Il n'est pas malheureux, permettez-moi d'employer cette expression familière, que les maîtres auxiliaires puissent percevoir
une allocation pour perte d'emploi. Toutefois, vous le savez comme moi, celle-ci est prélevée sur les crédits de
remplacement ; en conséquence, son financement pose problème.
Pour remédier à cette situation, nous l'avons dit et répété, il serait nécessaire de transformer au moins un tiers des 800
000 heures supplémentaires en postes. Nous sommes loin du compte. Au rythme actuel, la résorption de la situation
risque de durer des dizaines d'années.

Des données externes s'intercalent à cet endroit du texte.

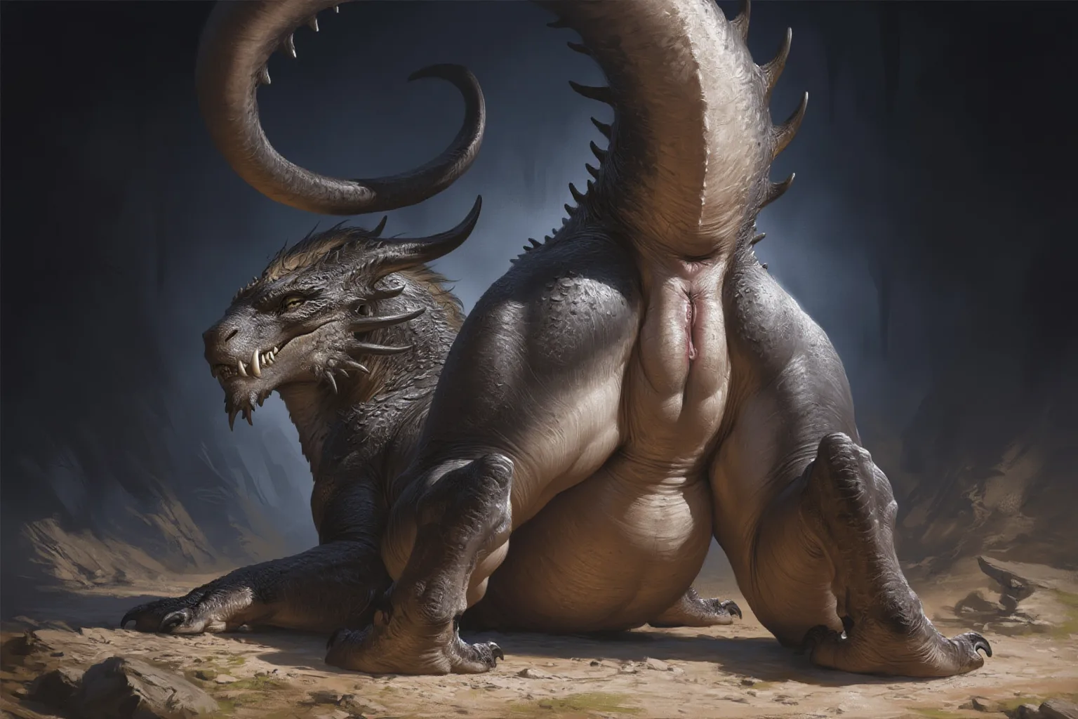 Lizard Scalie Presenting Pussy And Anus With Raised Tail In Cave | Yiff Party

Une telle décision traduirait une réelle volonté de titularisation des personnels
précaires.
D'autre part, et nous l'avions aussi proposé, il nous semble indispensable que, parallèlement à une augmentation
substantielle des moyens pour mettre en oeuvre un enseignement de qualité, les conditions d'accès aux concours internes
et réservés soient assouplies. Ces concours devraient, par ailleurs, mieux prendre en compte l'expérience professionnelle
de ces enseignants et faciliter ainsi une titularisation qui mettrait fin à leur statut précaire.
En outre, nous avions également proposé d'instaurer une obligation d'organiser les concours réservés. L'Etat serait ainsi
obligé de fournir les moyens nécessaires à la création des postes correspondants à ces concours.
Ne pas instaurer cette obligation - et c'est bien là que pèche la loi - revient à tenir un double langage et tendrait à
démontrer que le Gouvernement refuse de prendre date sur le financement de la résorption de l'emploi précaire.
N'en doutez pas, le groupe communiste républicain et citoyen continuera d'agir, lors de l'examen du projet de loi de
finances, pour obtenir un budget de l'éducation nationale permettant de dispenser un enseignement de qualité, à la hauteur
des besoins des collégiens et des lycéens et, par là même, du personnel enseignant.